But wouldn’t filtering be bad?
- In standard res stream implementation, subsequent heads have access to the addition of prior layer information, which may preserve info but can make it harder to access cleanly, and it's upto them to choose where to look at (QK) and what to extract (OV).
- Having attention over previous layer in res stream could "gate-keep" some information (especially if it is input-independent) if not properly implemented, right? Or am I being crazy?
- The default attnRes is not fully input-agnostic, but it is less input-adaptive than self-attention, because the query is fixed per layer and only the keys/values vary with the token.
-> Layer 'l' does not always attend to the same mix of prior layers regardless of whether the input is a math problem or a poem.
-> Instead, layer l has a fixed retrieval preference through its learned pseudo-query w_l, but the final mix over prior layers still depends on the token’s earlier-layer representations.
-> So for a math token, layer l might put more weight on certain earlier reasoning-related layers, while for a poem token it could shift weight toward different earlier layers — just not as flexibly as standard token-to-token QK attention.

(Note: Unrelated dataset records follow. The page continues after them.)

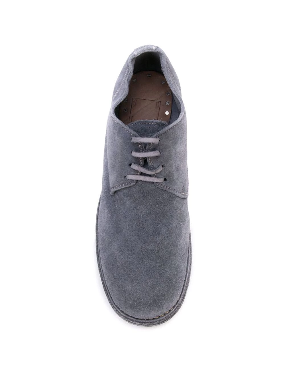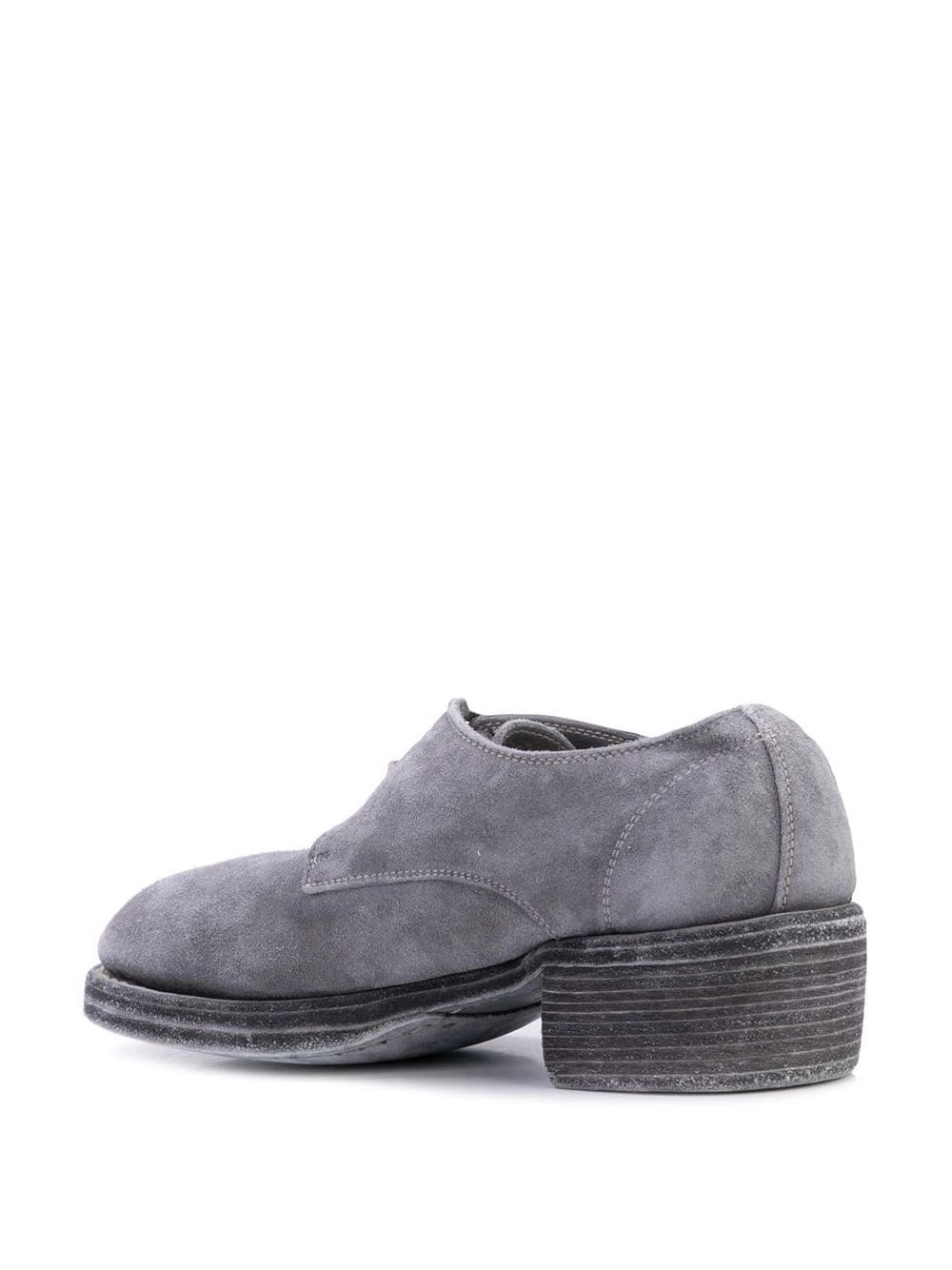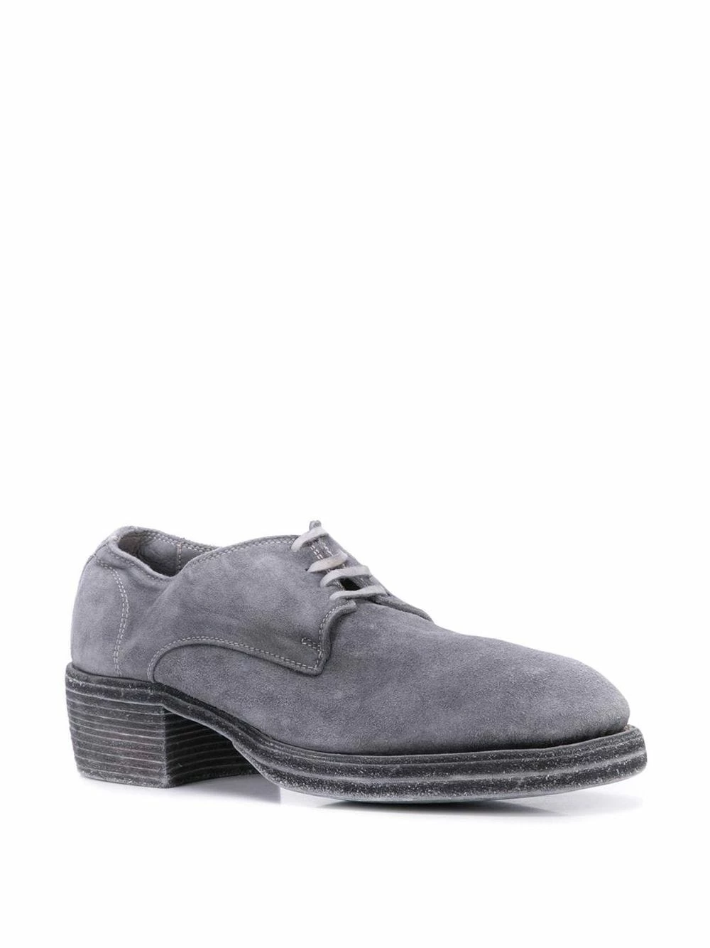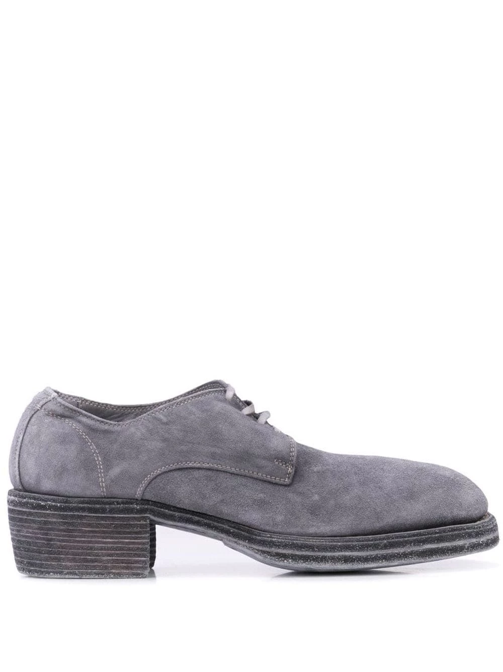 Derbies à petit talon épais en cuir de veau Guidi avec petit talon épais, semelle intérieure à logo et laçage sur le devant.
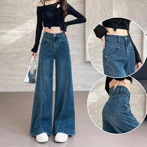 レトロブルーワイドレッグジーンズ女性の夏の新しい大きいサイズファットmmデザインスプライシングスリムストレートレッグフロアレングスパンツ
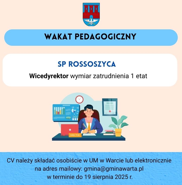 CV należy składać osobiście w Urzędzie Miejskim w Warcie lub elektronicznie na adres mailowy gmina@gminawarta.pl w terminie do 19 sierpnia 2025 r.
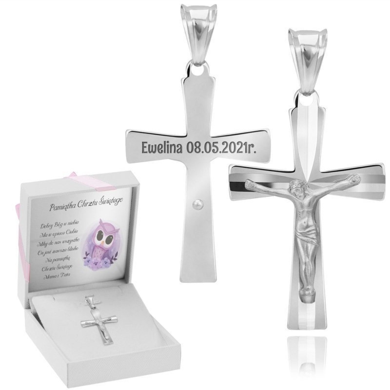 Krzyżyk srebrny 925 z Jezusem: grawer imię i data do 20 znaków oraz tabliczka z tekstem, grafiką lub zdjęciem w pudełeczku z różową kokardką
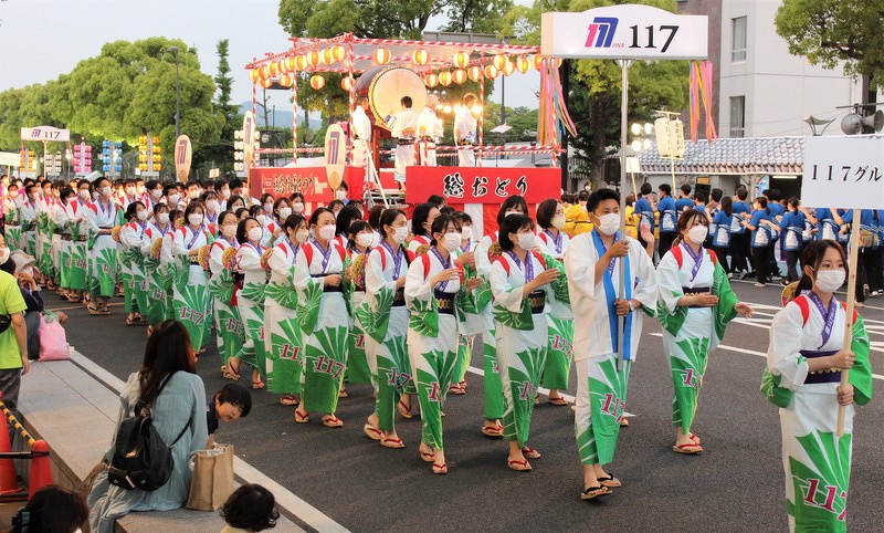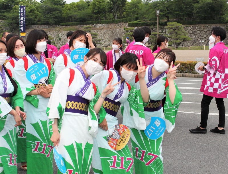 姫路お城まつり総踊りが3年ぶりに開催されました。この度はコロナ禍対応による人数制限もあり、80名で36回目の参加でした。
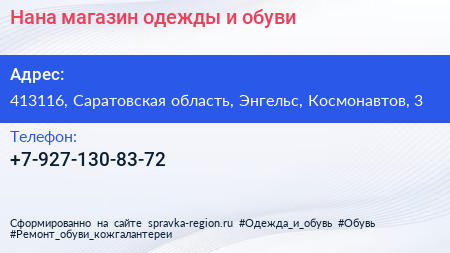 Нана, магазин одежды и обуви по адресу 413116, Саратовская область, Энгельс, Космонавтов, 3 в дальнейшем Организация, размещена в следующих категориях:
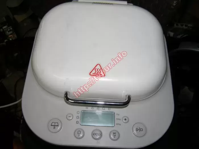 Хлебопечь Kenwood BM 260 не включается, как объяснил заказчик, который ее принес в наш сервисный центр, она перестала работать после того, как не допекся хлеб. Чтобы ремонт хлебопечек стал результативным, требуется диагностика, с помощью которой возможно максимально точно определить неисправность. Данная кухонная бытовая техника с прямоугольной формой для выпечки хлеба, кнопочным управлением, мощностью 455 Вт и наличием функции отсрочки старта до 15 часов. Устройство наделено 11 разными программами, выбором размера (веса) хлеба. Учитывая вкусовые предпочтения пользователь имеет возможность регулировать параметры приготовления хлеба, а именно, выбрать степень выпекания, цвет корочки. Вес можно устанавливать от 500 грамм и до 1 килограмма. После приготовления поддерживается температура хлеба на протяжении 60 минут. Разобрав эту бытовую технику (см. фото № 5) и сделав диагностику стало понятно, что сгорела плата питания. Восстановить ее работу не возможно, поэтому ремонт хлебопечек состоял в замене новой платы AP3706 G1, EU13003E. Благодаря этому удалось полностью решить проблему. После ремонта хлебопечь работает хорошо во всех режимах.
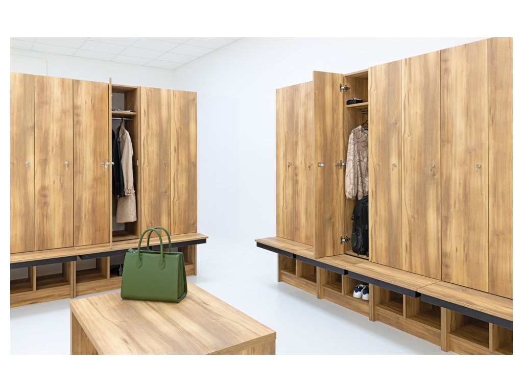 Šatní skříň 2 -dvéřové lamino s lavičkou je vyráběná kompletně z kvalitní laminované dřevotřísky o síle 18 mm. Rozměry šatní skříně jsou: výška: 1970 mm, šířka 600 mm a hloubka 780 mm. Vybrat si můžete hned z několika barevných dekorů. Svým provedením a vysokou kvalitou se tato skříňka stane vkusnou součástí Vašeho interiéru, ať už ve škole, školce, kanceláři, nemocnici nebo třeba ve fitness centru.
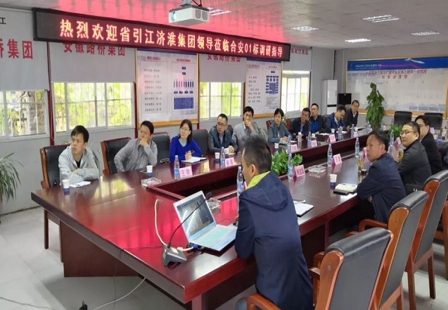 10月14日上午,安徽省引江济淮集团副总经理许晓彤一行莅临合安01标参观调研,并召开座谈会。公司党委副书记、总经理欧阳志宜,总经理助理、工程部经理卢军球,市场经营部经理邵康,三分公司党总支书记、总经理鲍建新陪同。
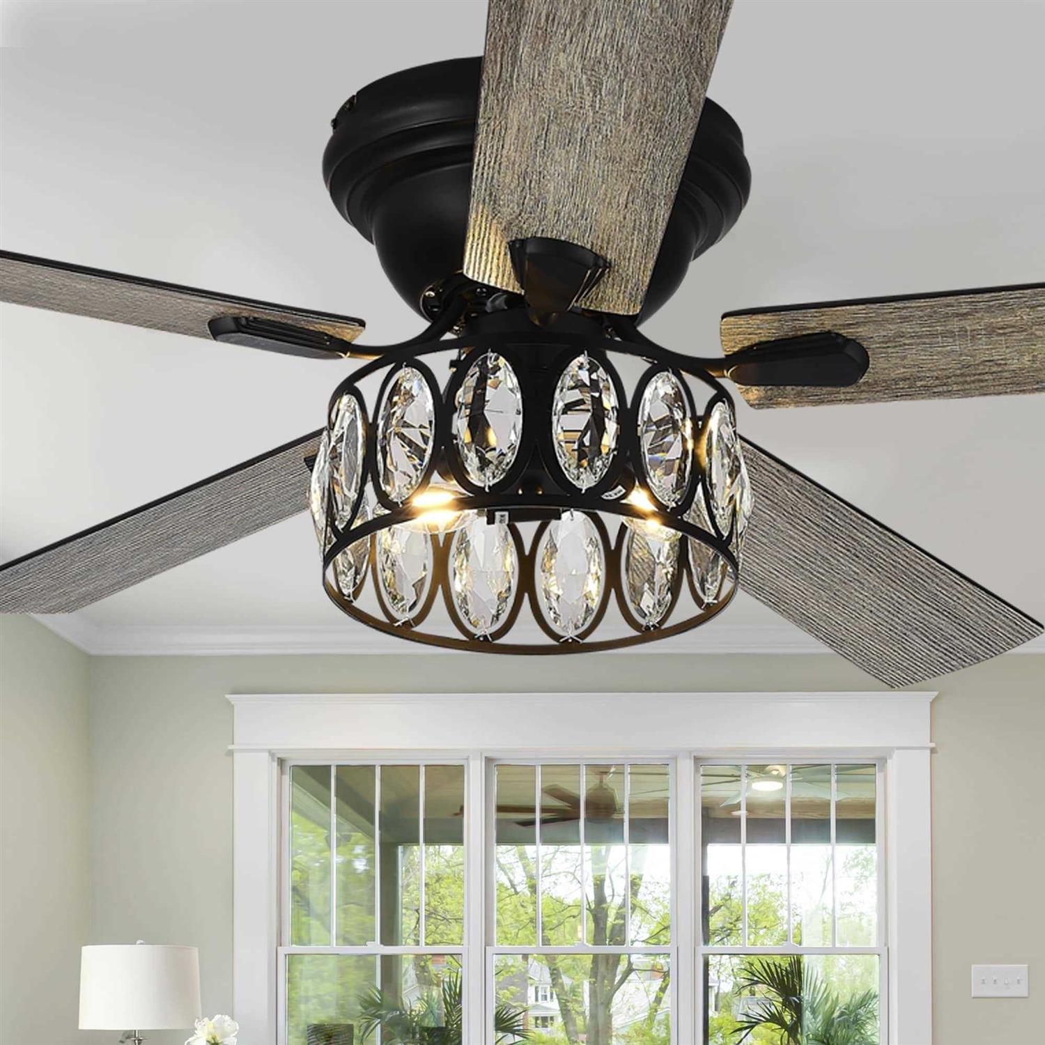 This crystal ceiling fan is a chandelier and ceiling fan combination. in a satin nickel finish, the satin nickel offers both aesthetic beauty and structural stability in the hardware. Gorgeous crystal shade can make your room look more elegant and contemporary. Independent light allows for light and fan working together or separately.
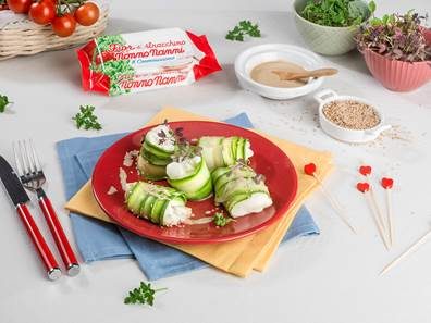 Lasciarle marinare per 5 minuti. Tamponare le zucchine con carta assorbente da cucina per eliminare l’acqua di vegetazione. Allineare tre fette di zucchina alla volta sormontandole leggermente. Farcire con un cucchiaino di Fior di Stracchino Nonno Nanni e arrotolare formando un involtino.
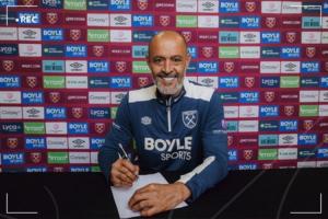 西汉姆联足球俱乐部荣幸地宣布任命努诺·埃斯皮里托·桑托为俱乐部新任男子队主教练。
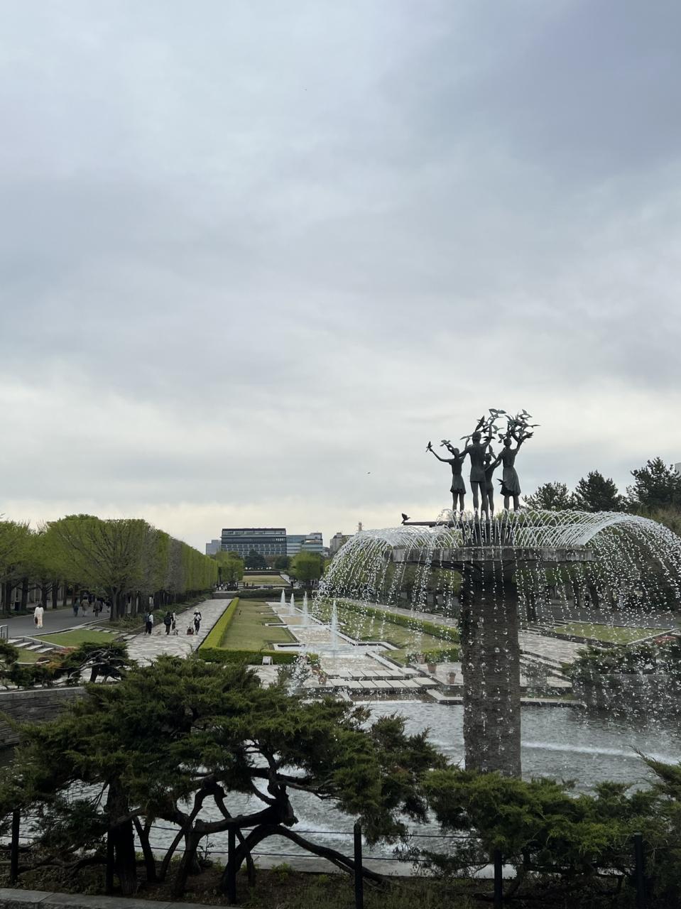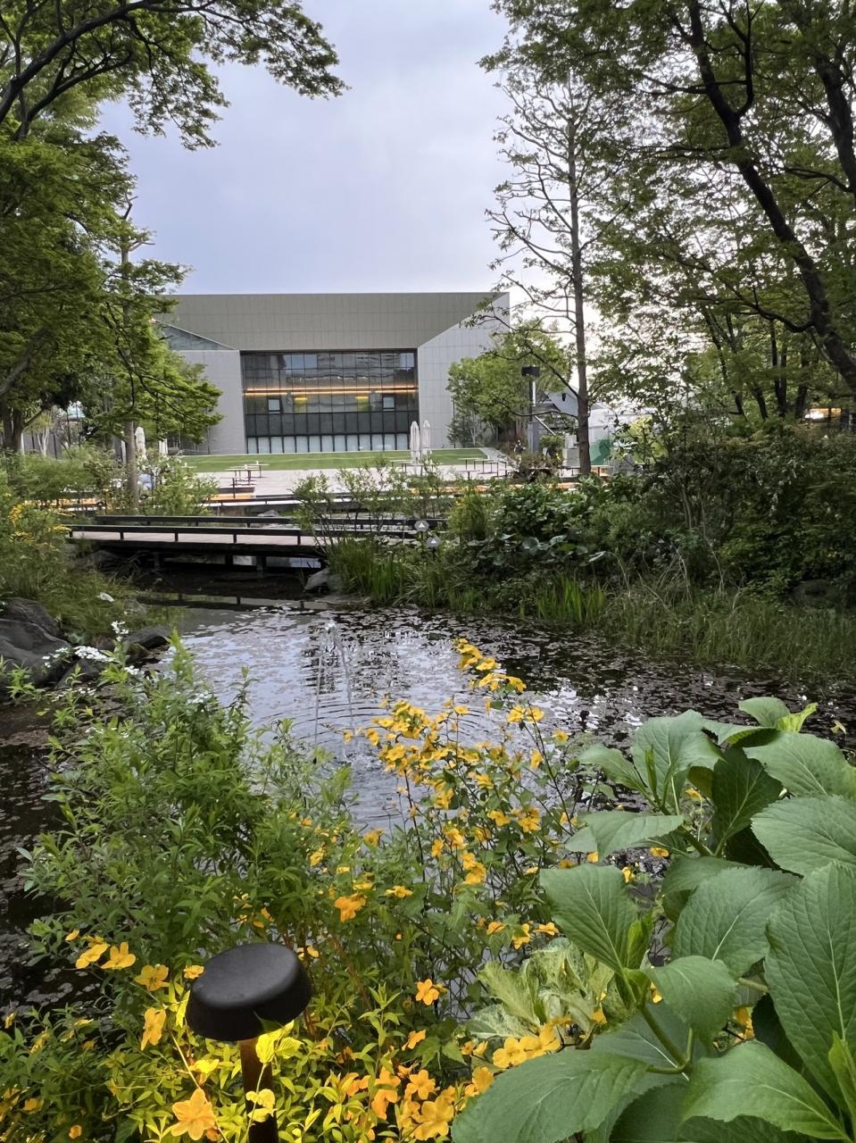 奥の建物は劇場。手前の池を含めて、全て人口に作られたお庭です。
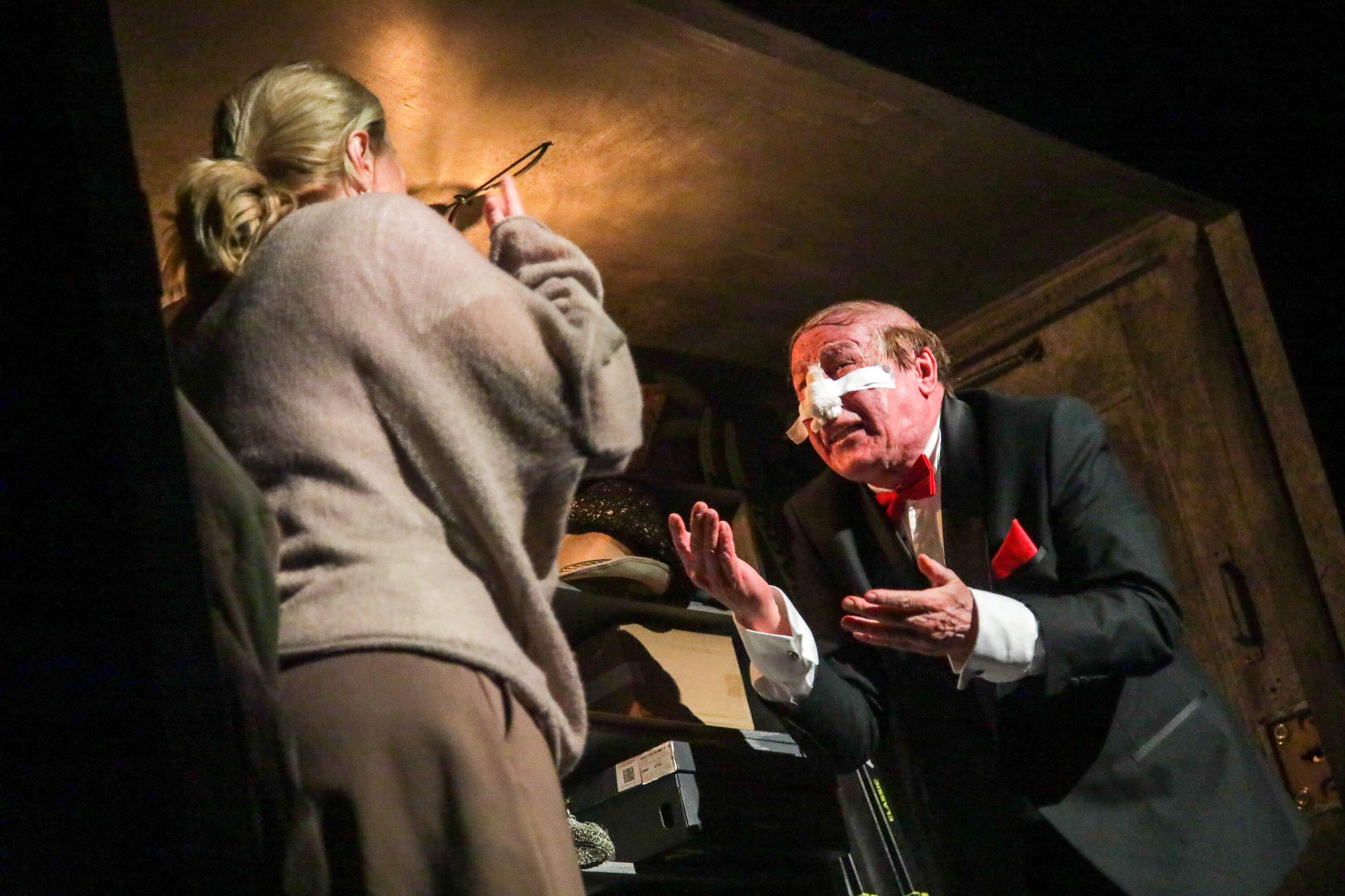 Автор материала во второй раз смотрела постановку — и спустя три недели это оказался уже другой спектакль! Изменились диалоги, изменились декорации, изменились переходы и даже часть сцен. Линия героя Ефремова как будто стала четче: если раньше Он (в «Без свидетелей» у действующих лиц нет имен) в какой-то момент вызывал у меня жалость, то теперь только отвращение и неприязнь.
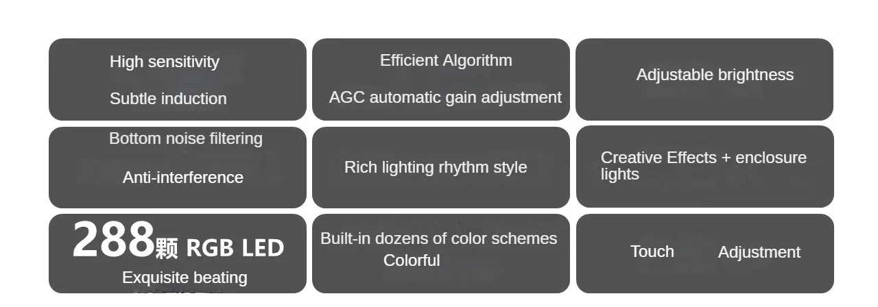 Features: Frequency-Accurate Algorithm, Music Level Indicator, RGB Light Display
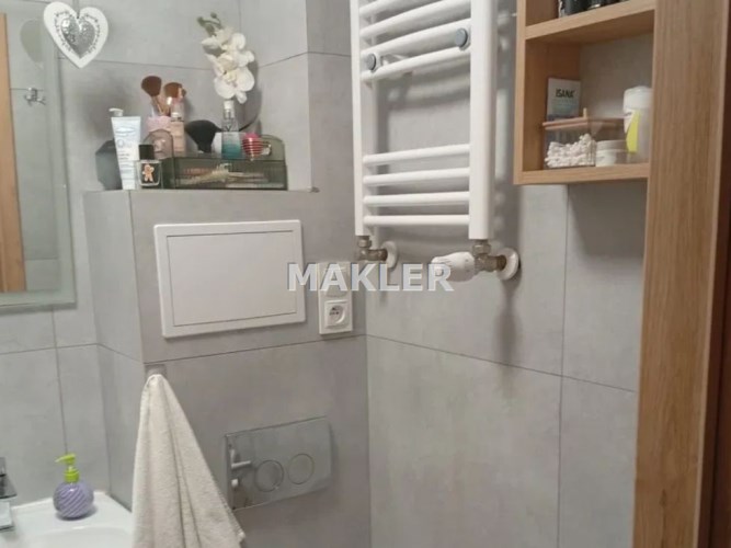 Mieszkanie jest po remoncie, gotowe do zamieszkania bez dodatkowych nakładów. Wnętrze jest jasne i ustawne, a układ pomieszczeń zapewnia komfort zarówno rodzinie, jak i parze czy osobom pracującym zdalnie. Duża sypialnia daje poczucie przestrzeni i swobody, a kuchnia wyposażona w sprzęt renomowanych marek Bosch i Samsung gwarantuje wygodę i jakość na lata.

But one MAJOR one counter-argument would be when it works then it would make the heads MUCH MORE interpretable. Cleaner signals from previous layers would be helpful for the subsequent heads to attend to -> leading to less interference -> better probe performance and generalization.
Kimi.ai@Kimi_Moonshot
Introducing 𝑨𝒕𝒕𝒆𝒏𝒕𝒊𝒐𝒏 𝑹𝒆𝒔𝒊𝒅𝒖𝒂𝒍𝒔: Rethinking depth-wise aggregation. Residual connections have long relied on fixed, uniform accumulation. Inspired by the duality of time and depth, we introduce Attention Residuals, replacing standard depth-wise recurrence with learned, input-dependent attention over preceding layers. 🔹 Enables networks to selectively retrieve past representations, naturally mitigating dilution and hidden-state growth. 🔹 Introduces Block AttnRes, partitioning layers into compressed blocks to make cross-layer attention practical at scale. 🔹 Serves as an efficient drop-in replacement, demonstrating a 1.25x compute advantage with negligible (<2%) inference latency overhead. 🔹 Validated on the Kimi Linear architecture (48B total, 3B activated parameters), delivering consistent downstream performance gains. 🔗Full report: github.com/MoonshotAI/Att…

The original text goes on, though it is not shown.